Friday, November 27, 2009

Blood in the Street

There was blood in the markets today, and unfortunately, mine was included. Dubai came out with a black swan report requesting to prolong its debt payments - causing markets to crash and credit defaults swaps to soar.

The Hang Seng Index went down by as much as 1,200 points - the largest one day drop I've seen in my trading career. As you can see in the chart below, the index broke down below its upward channel (confirming the MACD bearish divergence), the 32day SMA, and 65day SMA. The next support is at the 21,000 psychological level, but probably the safest buy would be the 130day SMA, which is around the 20,500 area. The Shanghai Composite also broke down last August, and it only bounced once it reached the 130day SMA. Thus, since China is the leader, my best bet for HSI and DJIA (Dow) would be to buy at the 130day SMA.
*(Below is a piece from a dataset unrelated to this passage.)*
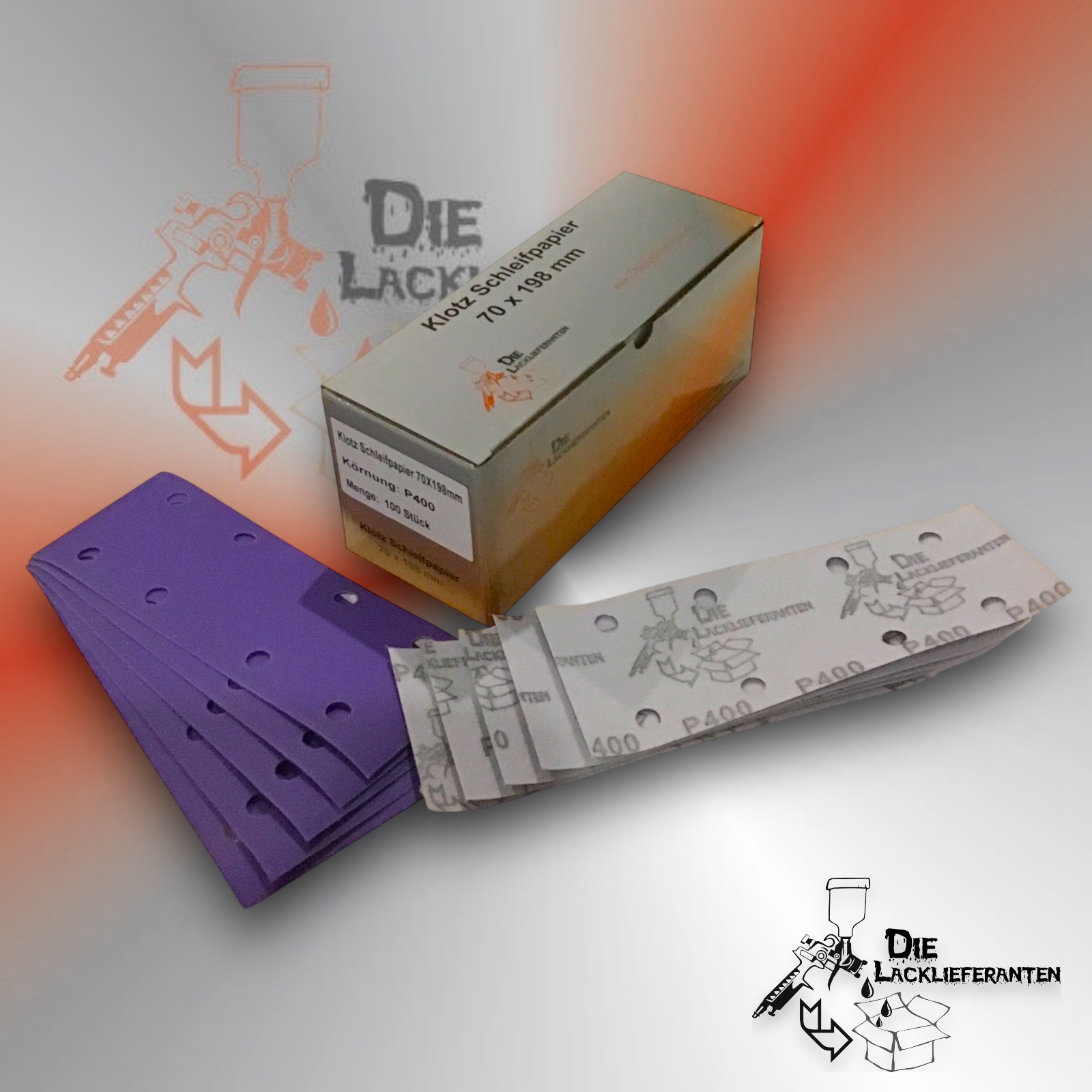 Zzgl. 20% MwSt.zzgl. Versand100X Klotz Schleifpapier / Klett-Schleifstreifen P400 70x198mm Folienträger, 8 Loch Absaugung, Schleifkorn Keramikmischung #Q22T70X198P400

Man. I was all-in yesterday, so I got hit pretty bad. I got emotional during the day, so I kept buying up stocks hoping it would bounce right away. But the biggest rally it was able to sustain was a mere 100+ points. So yes, I dug a deeper hole for myself. I'm now down 54%.

I can't take this madness anymore. I'm going to make a trading plan this weekend and then consult my boss on Monday. I need to perform.

Happy Thanksgiving.

Tuesday, November 24, 2009

Strength is the key

The HK market was down more than 300 pts today following the big sell-off in China. The government is requiring the banks to increase their capital requirements; thus, speculation arose that these companies would have to place shares at deep discounts. With that news, the Shanghai Composite crashed from up 20+ pts to down 110+ pts.

The good news is, I survived. Luckily, I was able to gain about 5% from my investment in Brilliance Auto. Plus, I didn't get hit much in the afternoon because I was holding a defensive stock (HK:371) which was unusually strong today. I'm hoping that its strength will persist until tomorrow.

For the past few weeks now, I've been making money in down days and losing money in up days. I thought it was kind of weird at first, but upon further reflection, I realized that the reason for this anomaly is very logical. During down days, right off the open, it's stark clear to everyone which stocks have innate strength that even a tumbling index could not dissipate. However, during up days, it's not so clear which issues are strong enough to climb further within the day.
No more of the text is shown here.